This Semester’s New Elementary Algebra Approach With MyMathLab

February 1, 2010 at 6:00 am 3 comments

This semester I’ve taken a new approach with MyMathLab in my Elementary Algebra class. I was really happy with how things were going with my student contracts, but I got to attend many MyMathLab sessions in the last year and heard many great ideas that excited me. I’m hoping that this approach shows just how powerful MyMathLab is, and maybe wins over a skeptic or two.

MyMathLab HW – Now worth 0%!

I still assign MML HW for each section, but I have cut the number of problems in half. The HW counts for 0% of their overall grade, but the students must score at least 85% to access a MML Quiz for that section. Even though there are some instructors who feel that MML does too much to help students with the different learning aids, I feel that students can truly understand the material through the use of MML. On day one I explained to my students that the purpose of the homework was to increase their understanding, not their grades. I told them that the HW gives them a chance to practice, using the learning aids, without impacting their grade. I told them that these homework assignments were to prepare them for the section quizzes. I told my students that if they got a problem correct after employing one of the learning aids, they should see “Similar Exercise” to rework the problem and make sure they truly understand.

So, students are using to MyMathLab homework and its learning aids to increase their understanding but the homework is not (directly) impacting their grade.

MyMathLab Quizzes – Worth 20%

I use 3 types of quizzes – section quizzes, chapter quizzes, and Student Learning Outcome (SLO) Checkpoint quizzes.

Section Quizzes

The section quizzes are new for me, as well as the use of prerequisites in MyMathLab. To access a section quiz, students must score at least 85% on the corresponding section HW assignment. The quizzes are roughly the same length as the HW assignments, and the learning aids are turned off. Students can take the quizzes as many times as they like before the deadline, which falls on the 3rd night after the material is covered. (Halfway through the semester that will change to the 2nd night.) I like the section quizzes because students have to work through all the problems and topics before getting their feedback. At that point they can self-remediate, going over the problems they struggled with, before attempting the entire quiz. I do count only the highest score.

Chapter Quizzes

I do give chapter quizzes halfway through the chapter and again at the end of the chapter. These quizzes help the students to determine which topics they have under control and which topics require further study. I have always given these chapter quizzes, this is not new. In my experience, these quizzes have the highest correlation with exam scores. The chapter quizzes are being weighted as 3 times the weight of a section quiz.

SLO Checkpoint Quizzes

In our Elem. Alg. course we currently have 10 SLO’s. I have made up 10 comprehensive quizzes covering these SLO’s, and I release them during the last 3 weeks of the semester. The ulterior motive is to get students to start preparing for the final exam, but it also gives me good data for measuring SLO performance. These SLO quizzes are weighted as 4 times a section quiz.

Written Assignments – Weekly Assignments & In-Class Assessments 10%

I give out a written assignment each Thursday that I collect the following Thursday. As the week progresses, students are able to attempt more problems. This encourages them to keep up with the material. At the end (or beginning) of most classes, I give a brief 2-3 question assessment. Sometimes they are solo, sometimes my students work with partners. Both of these assignments allow me to see student work, to make sure that there are no gaps in their understanding. I can also alert my students to typical errors that they should avoid. As I mentioned, these assignments also help me to ensure that my students keep up with the material. Also, since paper & pencil exams make up a majority of the grade, it gives my students a chance to practice in the format they will be tested.
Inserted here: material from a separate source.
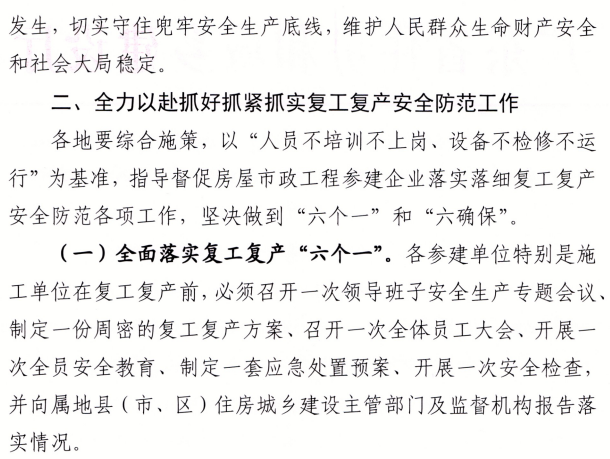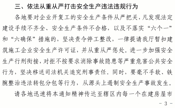各地要对企业开复工的安全生产条件从严把关,凡发现法定建设手续不齐全、安全生产条件不合格,以及不落实“六个一”和“六确保”措施的,坚决责令停工整改,一律提请我厅暂扣建筑施工企业安全生产许可证,并从重从严惩处。

Paper & Pencil Exams – 50%

I essentially give 1 paper & pencil exam per chapter. They get 1 hour to take the exam.

Final Exam – 20%

I give a comprehensive final exam. Lately I’ve been part of a group of 4-6 instructors giving a common final that we grade collaboratively. (For what it’s worth, my online Elem. Alg. class performed outstandingly on last semester’s final.)

So Far, So Good!

I was expecting a minor revolt on day one. “You mean we HAVE to homework, AND we don’t get any points for it!?!?” As I’ve learned, if students understand why they seem to be willing to go along. I explained that the homework was their chance to practice and develop the understanding that prepared them for their quizzes. The look on their faces – “That makes sense.” The first exam is still a little more than a week away, and I know that things can always unravel in a hurry, but I’ve got a real good feeling. I’ll come back and post results as the semester progresses.

I look forward to reading your comments and answering any questions you might have.